- What is being asked
The expected output is the data below, restated word for word.

- Dataset extract
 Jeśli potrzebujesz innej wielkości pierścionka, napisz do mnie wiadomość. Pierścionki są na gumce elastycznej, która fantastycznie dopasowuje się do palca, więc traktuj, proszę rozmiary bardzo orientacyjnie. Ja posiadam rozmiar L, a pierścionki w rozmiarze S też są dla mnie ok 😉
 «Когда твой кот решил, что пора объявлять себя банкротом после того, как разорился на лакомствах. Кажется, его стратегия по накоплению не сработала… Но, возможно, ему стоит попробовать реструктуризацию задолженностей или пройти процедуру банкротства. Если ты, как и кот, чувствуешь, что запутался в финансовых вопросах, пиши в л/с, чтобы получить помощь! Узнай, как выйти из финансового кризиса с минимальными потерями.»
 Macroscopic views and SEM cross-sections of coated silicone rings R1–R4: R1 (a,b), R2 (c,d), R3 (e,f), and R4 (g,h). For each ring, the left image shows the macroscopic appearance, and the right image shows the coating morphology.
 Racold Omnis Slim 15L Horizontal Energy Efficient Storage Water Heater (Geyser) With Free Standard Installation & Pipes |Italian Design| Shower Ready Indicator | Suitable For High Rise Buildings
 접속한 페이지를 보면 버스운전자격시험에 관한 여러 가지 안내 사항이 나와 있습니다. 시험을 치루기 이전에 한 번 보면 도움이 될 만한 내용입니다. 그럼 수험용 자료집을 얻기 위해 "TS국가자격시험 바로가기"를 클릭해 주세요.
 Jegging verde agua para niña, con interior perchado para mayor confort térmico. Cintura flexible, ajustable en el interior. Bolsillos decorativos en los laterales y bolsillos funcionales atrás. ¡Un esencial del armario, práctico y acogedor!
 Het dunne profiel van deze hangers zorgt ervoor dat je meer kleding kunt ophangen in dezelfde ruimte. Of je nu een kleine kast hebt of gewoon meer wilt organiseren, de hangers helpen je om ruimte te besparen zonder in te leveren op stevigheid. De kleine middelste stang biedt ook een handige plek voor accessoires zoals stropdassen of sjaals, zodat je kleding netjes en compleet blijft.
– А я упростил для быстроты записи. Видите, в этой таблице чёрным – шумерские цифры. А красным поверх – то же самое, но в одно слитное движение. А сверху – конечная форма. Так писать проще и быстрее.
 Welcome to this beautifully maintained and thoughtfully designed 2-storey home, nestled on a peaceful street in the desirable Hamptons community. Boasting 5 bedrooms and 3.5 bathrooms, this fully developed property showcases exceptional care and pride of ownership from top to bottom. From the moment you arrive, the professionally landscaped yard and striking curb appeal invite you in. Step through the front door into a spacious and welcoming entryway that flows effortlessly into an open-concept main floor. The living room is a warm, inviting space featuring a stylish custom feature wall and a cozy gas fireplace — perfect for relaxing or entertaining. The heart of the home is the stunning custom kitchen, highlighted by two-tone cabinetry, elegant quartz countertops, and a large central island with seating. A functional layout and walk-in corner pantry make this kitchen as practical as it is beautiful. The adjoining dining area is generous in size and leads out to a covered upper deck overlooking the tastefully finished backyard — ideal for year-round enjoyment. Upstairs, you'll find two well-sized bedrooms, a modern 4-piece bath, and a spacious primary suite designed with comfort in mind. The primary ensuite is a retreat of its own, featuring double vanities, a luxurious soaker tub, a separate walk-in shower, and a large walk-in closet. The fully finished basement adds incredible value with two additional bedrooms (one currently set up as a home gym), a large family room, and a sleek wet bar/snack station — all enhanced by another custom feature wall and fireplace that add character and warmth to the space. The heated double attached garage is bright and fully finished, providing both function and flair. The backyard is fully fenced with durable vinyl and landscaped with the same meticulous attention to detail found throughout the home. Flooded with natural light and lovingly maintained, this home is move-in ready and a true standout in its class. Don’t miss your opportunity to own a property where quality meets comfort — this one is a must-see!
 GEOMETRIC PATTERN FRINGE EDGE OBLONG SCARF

- Reply to the exercise
 Jeśli potrzebujesz innej wielkości pierścionka, napisz do mnie wiadomość. Pierścionki są na gumce elastycznej, która fantastycznie dopasowuje się do palca, więc traktuj, proszę rozmiary bardzo orientacyjnie. Ja posiadam rozmiar L, a pierścionki w rozmiarze S też są dla mnie ok 😉
 «Когда твой кот решил, что пора объявлять себя банкротом после того, как разорился на лакомствах. Кажется, его стратегия по накоплению не сработала… Но, возможно, ему стоит попробовать реструктуризацию задолженностей или пройти процедуру банкротства. Если ты, как и кот, чувствуешь, что запутался в финансовых вопросах, пиши в л/с, чтобы получить помощь! Узнай, как выйти из финансового кризиса с минимальными потерями.»
 Macroscopic views and SEM cross-sections of coated silicone rings R1–R4: R1 (a,b), R2 (c,d), R3 (e,f), and R4 (g,h). For each ring, the left image shows the macroscopic appearance, and the right image shows the coating morphology.
 Racold Omnis Slim 15L Horizontal Energy Efficient Storage Water Heater (Geyser) With Free Standard Installation & Pipes |Italian Design| Shower Ready Indicator | Suitable For High Rise Buildings
 접속한 페이지를 보면 버스운전자격시험에 관한 여러 가지 안내 사항이 나와 있습니다. 시험을 치루기 이전에 한 번 보면 도움이 될 만한 내용입니다. 그럼 수험용 자료집을 얻기 위해 "TS국가자격시험 바로가기"를 클릭해 주세요.
 Jegging verde agua para niña, con interior perchado para mayor confort térmico. Cintura flexible, ajustable en el interior. Bolsillos decorativos en los laterales y bolsillos funcionales atrás. ¡Un esencial del armario, práctico y acogedor!
 Het dunne profiel van deze hangers zorgt ervoor dat je meer kleding kunt ophangen in dezelfde ruimte. Of je nu een kleine kast hebt of gewoon meer wilt organiseren, de hangers helpen je om ruimte te besparen zonder in te leveren op stevigheid. De kleine middelste stang biedt ook een handige plek voor accessoires zoals stropdassen of sjaals, zodat je kleding netjes en compleet blijft.
– А я упростил для быстроты записи. Видите, в этой таблице чёрным – шумерские цифры. А красным поверх – то же самое, но в одно слитное движение. А сверху – конечная форма. Так писать проще и быстрее.
 Welcome to this beautifully maintained and thoughtfully designed 2-storey home, nestled on a peaceful street in the desirable Hamptons community. Boasting 5 bedrooms and 3.5 bathrooms, this fully developed property showcases exceptional care and pride of ownership from top to bottom. From the moment you arrive, the professionally landscaped yard and striking curb appeal invite you in. Step through the front door into a spacious and welcoming entryway that flows effortlessly into an open-concept main floor. The living room is a warm, inviting space featuring a stylish custom feature wall and a cozy gas fireplace — perfect for relaxing or entertaining. The heart of the home is the stunning custom kitchen, highlighted by two-tone cabinetry, elegant quartz countertops, and a large central island with seating. A functional layout and walk-in corner pantry make this kitchen as practical as it is beautiful. The adjoining dining area is generous in size and leads out to a covered upper deck overlooking the tastefully finished backyard — ideal for year-round enjoyment. Upstairs, you'll find two well-sized bedrooms, a modern 4-piece bath, and a spacious primary suite designed with comfort in mind. The primary ensuite is a retreat of its own, featuring double vanities, a luxurious soaker tub, a separate walk-in shower, and a large walk-in closet. The fully finished basement adds incredible value with two additional bedrooms (one currently set up as a home gym), a large family room, and a sleek wet bar/snack station — all enhanced by another custom feature wall and fireplace that add character and warmth to the space. The heated double attached garage is bright and fully finished, providing both function and flair. The backyard is fully fenced with durable vinyl and landscaped with the same meticulous attention to detail found throughout the home. Flooded with natural light and lovingly maintained, this home is move-in ready and a true standout in its class. Don’t miss your opportunity to own a property where quality meets comfort — this one is a must-see!
 GEOMETRIC PATTERN FRINGE EDGE OBLONG SCARF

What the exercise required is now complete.